[Records for processing — start]
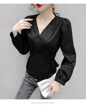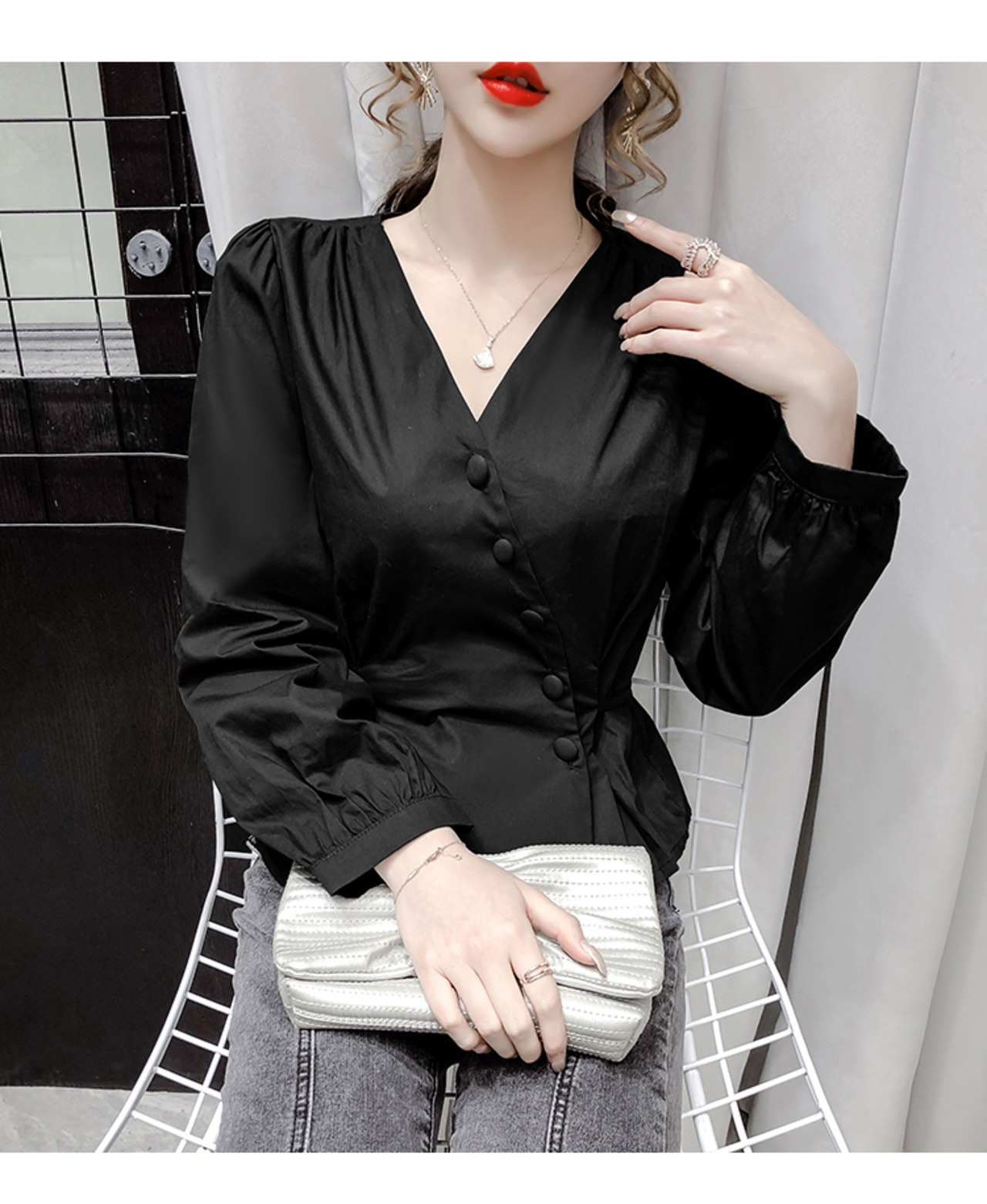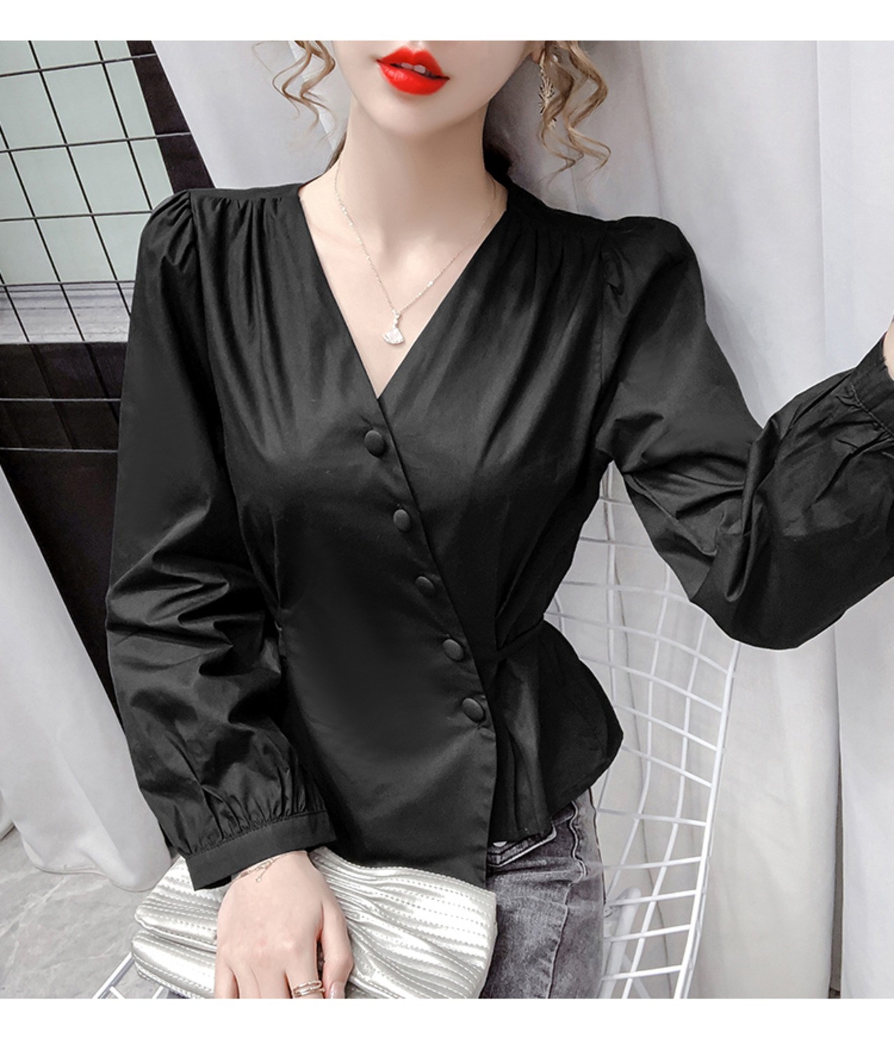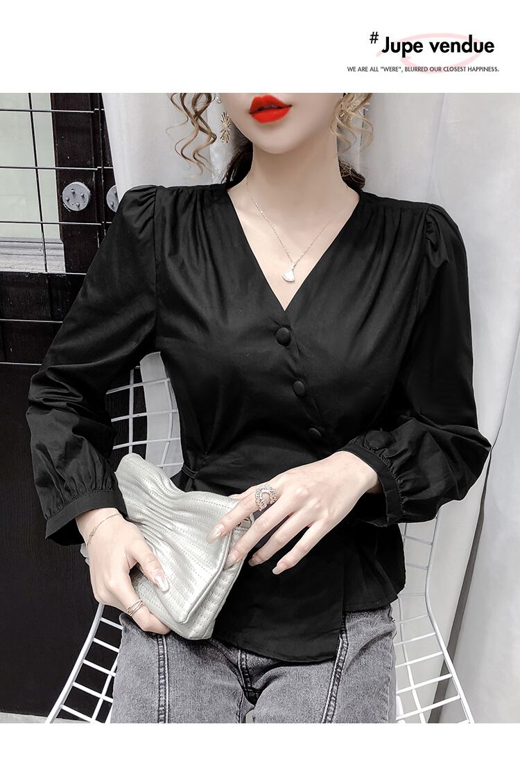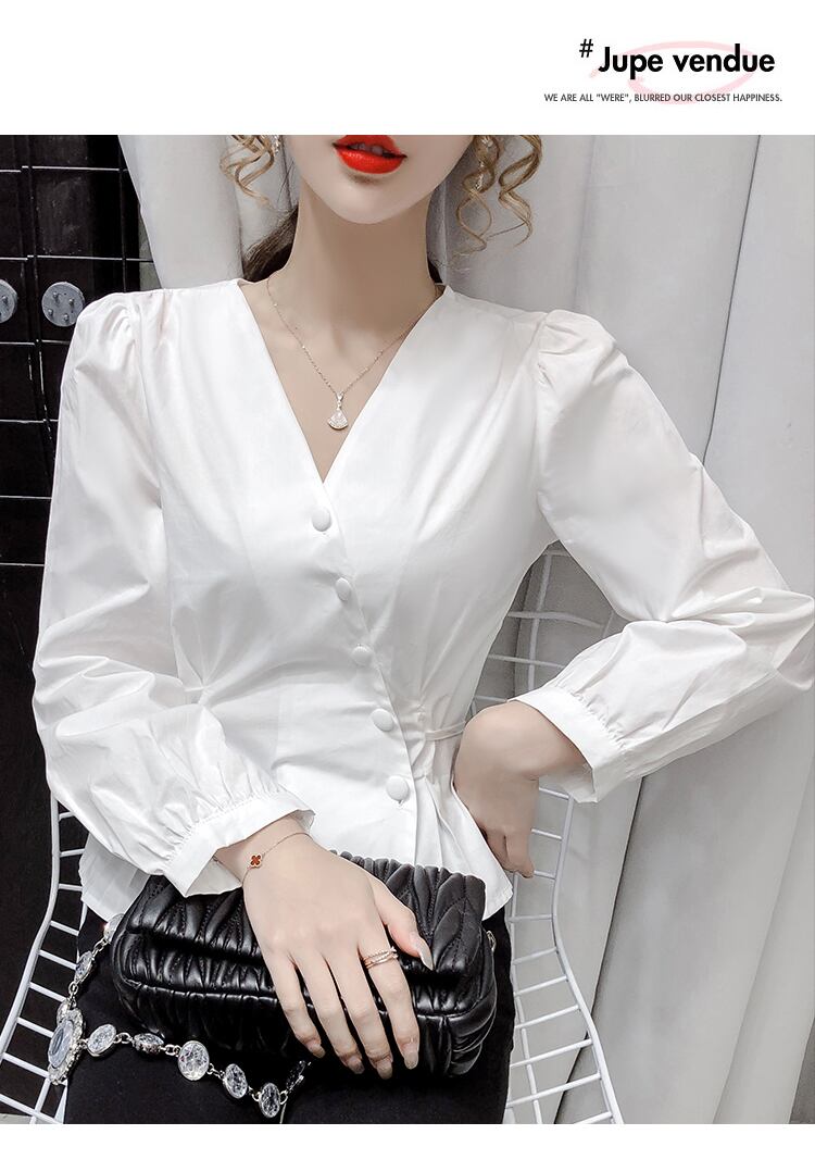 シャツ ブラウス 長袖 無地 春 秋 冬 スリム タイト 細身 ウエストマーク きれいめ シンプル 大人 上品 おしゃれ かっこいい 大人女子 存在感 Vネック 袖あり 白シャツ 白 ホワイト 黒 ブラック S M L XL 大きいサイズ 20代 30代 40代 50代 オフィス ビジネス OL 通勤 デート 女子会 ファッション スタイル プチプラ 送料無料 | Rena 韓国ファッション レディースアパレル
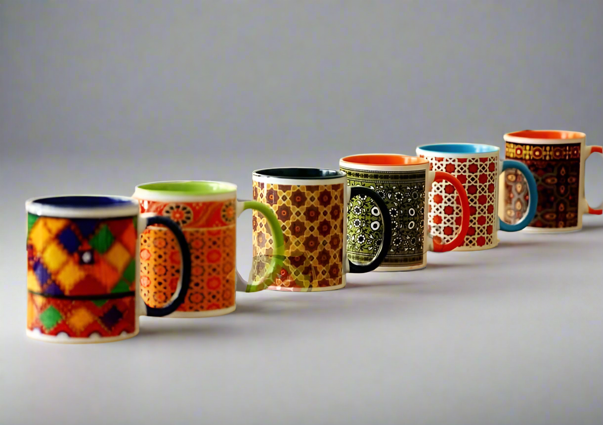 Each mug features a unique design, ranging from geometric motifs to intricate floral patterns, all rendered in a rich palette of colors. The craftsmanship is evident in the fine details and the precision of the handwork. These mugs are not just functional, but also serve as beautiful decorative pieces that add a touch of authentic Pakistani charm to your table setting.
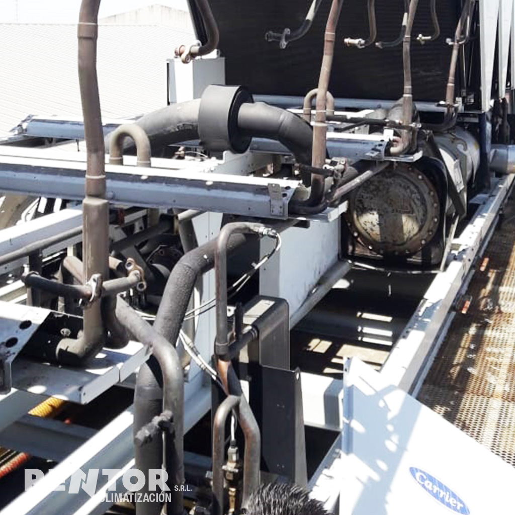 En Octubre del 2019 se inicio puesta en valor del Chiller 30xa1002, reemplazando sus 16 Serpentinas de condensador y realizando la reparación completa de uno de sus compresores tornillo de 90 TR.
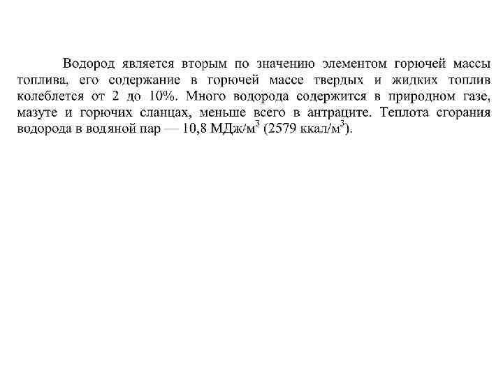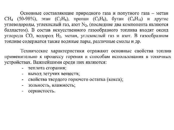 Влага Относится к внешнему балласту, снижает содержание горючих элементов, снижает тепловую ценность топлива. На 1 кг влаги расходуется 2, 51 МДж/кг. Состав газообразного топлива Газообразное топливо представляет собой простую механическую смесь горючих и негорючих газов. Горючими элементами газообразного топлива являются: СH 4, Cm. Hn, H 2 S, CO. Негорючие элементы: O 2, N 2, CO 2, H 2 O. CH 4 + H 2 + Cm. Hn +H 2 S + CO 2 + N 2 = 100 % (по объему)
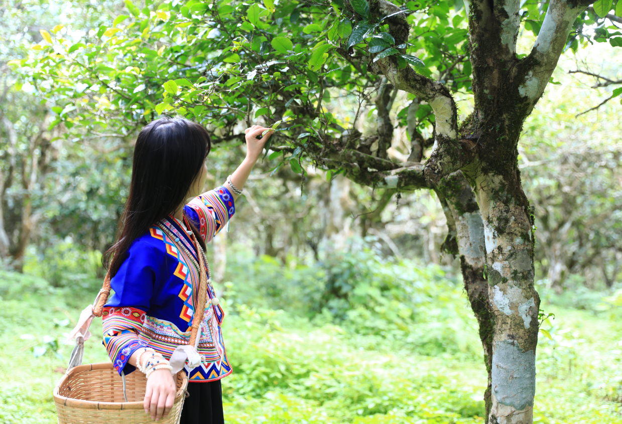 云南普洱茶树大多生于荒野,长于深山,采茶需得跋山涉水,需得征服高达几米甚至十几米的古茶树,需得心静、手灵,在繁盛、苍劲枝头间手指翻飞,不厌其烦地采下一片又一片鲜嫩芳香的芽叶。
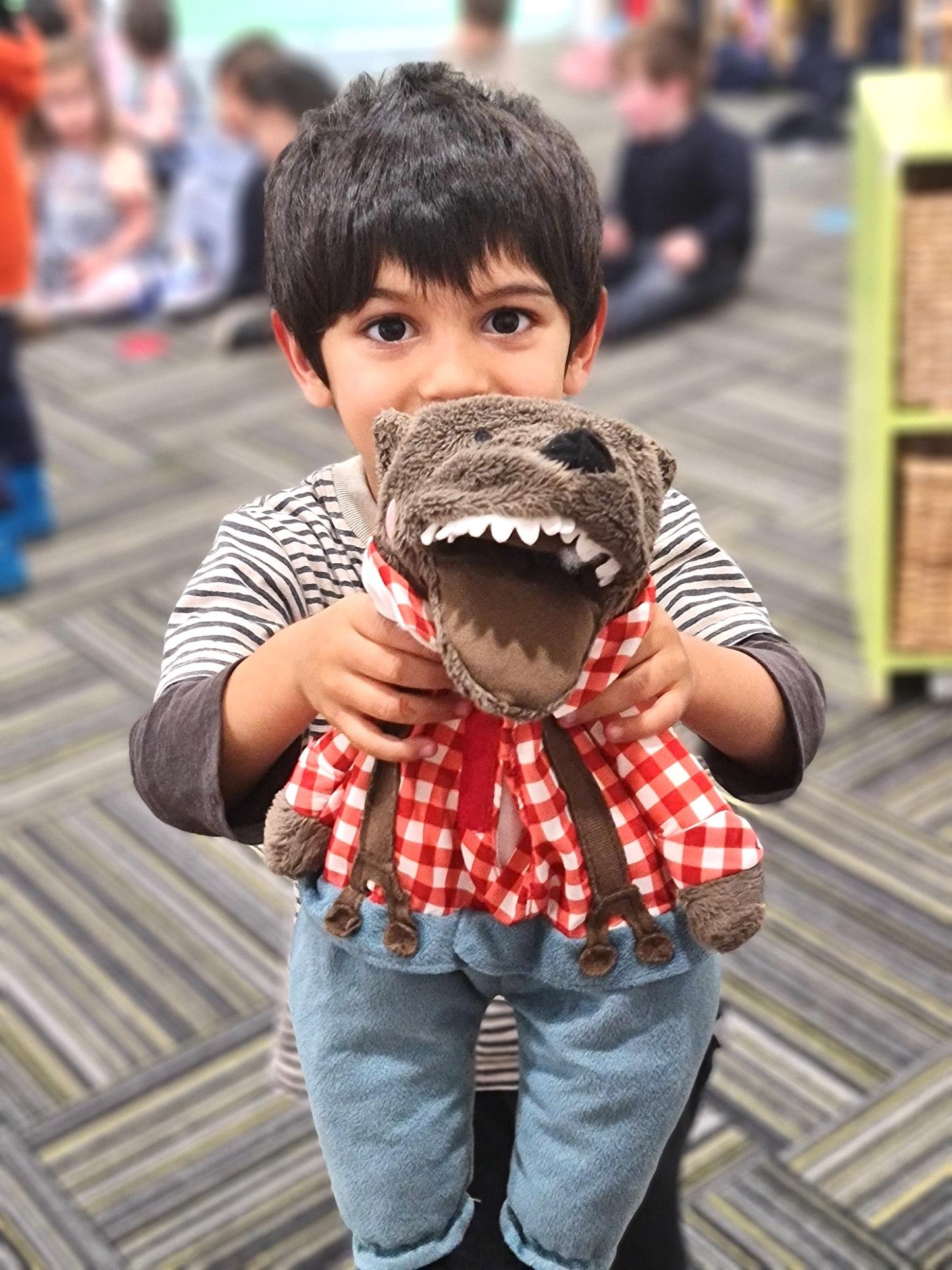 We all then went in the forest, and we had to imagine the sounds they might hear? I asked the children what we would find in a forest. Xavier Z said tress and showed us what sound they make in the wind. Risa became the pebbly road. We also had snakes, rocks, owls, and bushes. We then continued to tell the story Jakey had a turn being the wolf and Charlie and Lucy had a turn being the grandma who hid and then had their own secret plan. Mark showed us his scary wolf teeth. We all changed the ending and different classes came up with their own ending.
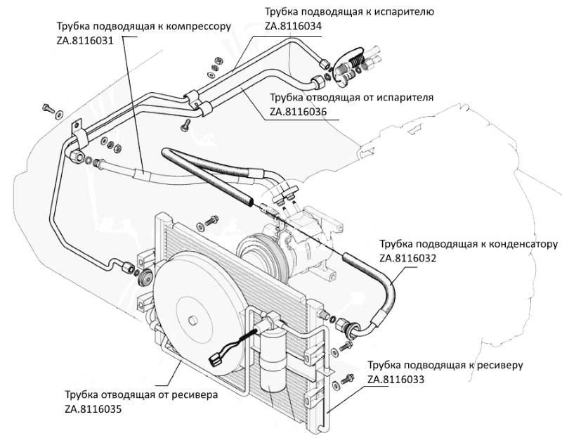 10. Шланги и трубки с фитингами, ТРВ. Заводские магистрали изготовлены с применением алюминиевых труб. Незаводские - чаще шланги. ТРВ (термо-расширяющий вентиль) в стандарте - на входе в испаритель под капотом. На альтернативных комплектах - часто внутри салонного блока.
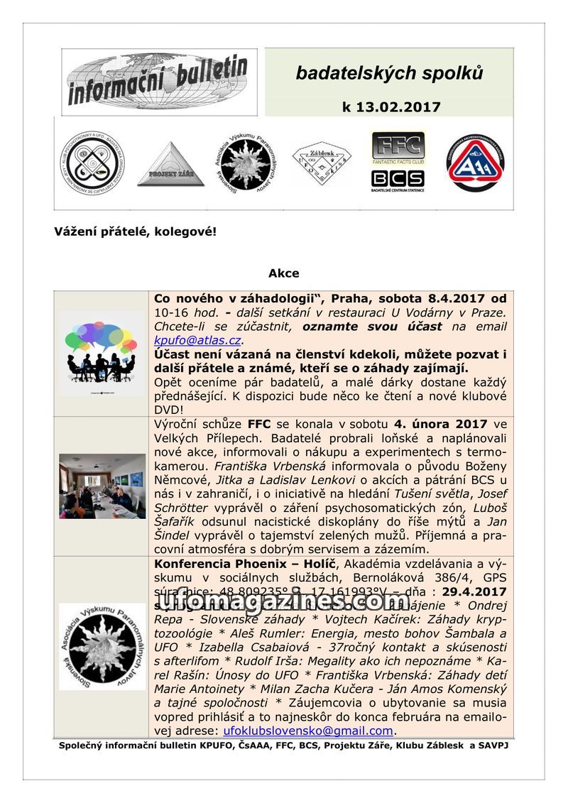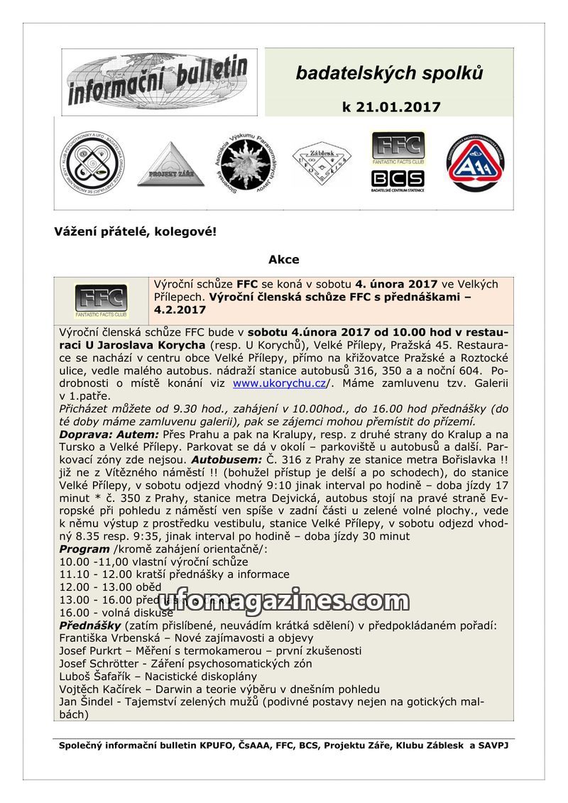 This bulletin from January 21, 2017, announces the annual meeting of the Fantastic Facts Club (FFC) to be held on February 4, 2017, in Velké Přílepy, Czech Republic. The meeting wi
[Records for processing — finish]
§ Task requirements: With the pictures left out, transcribe the material exactly.

§ Written response:
 シャツ ブラウス 長袖 無地 春 秋 冬 スリム タイト 細身 ウエストマーク きれいめ シンプル 大人 上品 おしゃれ かっこいい 大人女子 存在感 Vネック 袖あり 白シャツ 白 ホワイト 黒 ブラック S M L XL 大きいサイズ 20代 30代 40代 50代 オフィス ビジネス OL 通勤 デート 女子会 ファッション スタイル プチプラ 送料無料 | Rena 韓国ファッション レディースアパレル
 Each mug features a unique design, ranging from geometric motifs to intricate floral patterns, all rendered in a rich palette of colors. The craftsmanship is evident in the fine details and the precision of the handwork. These mugs are not just functional, but also serve as beautiful decorative pieces that add a touch of authentic Pakistani charm to your table setting.
 En Octubre del 2019 se inicio puesta en valor del Chiller 30xa1002, reemplazando sus 16 Serpentinas de condensador y realizando la reparación completa de uno de sus compresores tornillo de 90 TR.
 Влага Относится к внешнему балласту, снижает содержание горючих элементов, снижает тепловую ценность топлива. На 1 кг влаги расходуется 2, 51 МДж/кг. Состав газообразного топлива Газообразное топливо представляет собой простую механическую смесь горючих и негорючих газов. Горючими элементами газообразного топлива являются: СH 4, Cm. Hn, H 2 S, CO. Негорючие элементы: O 2, N 2, CO 2, H 2 O. CH 4 + H 2 + Cm. Hn +H 2 S + CO 2 + N 2 = 100 % (по объему)
 云南普洱茶树大多生于荒野,长于深山,采茶需得跋山涉水,需得征服高达几米甚至十几米的古茶树,需得心静、手灵,在繁盛、苍劲枝头间手指翻飞,不厌其烦地采下一片又一片鲜嫩芳香的芽叶。
 We all then went in the forest, and we had to imagine the sounds they might hear? I asked the children what we would find in a forest. Xavier Z said tress and showed us what sound they make in the wind. Risa became the pebbly road. We also had snakes, rocks, owls, and bushes. We then continued to tell the story Jakey had a turn being the wolf and Charlie and Lucy had a turn being the grandma who hid and then had their own secret plan. Mark showed us his scary wolf teeth. We all changed the ending and different classes came up with their own ending.
 10. Шланги и трубки с фитингами, ТРВ. Заводские магистрали изготовлены с применением алюминиевых труб. Незаводские - чаще шланги. ТРВ (термо-расширяющий вентиль) в стандарте - на входе в испаритель под капотом. На альтернативных комплектах - часто внутри салонного блока.
 This bulletin from January 21, 2017, announces the annual meeting of the Fantastic Facts Club (FFC) to be held on February 4, 2017, in Velké Přílepy, Czech Republic. The meeting wi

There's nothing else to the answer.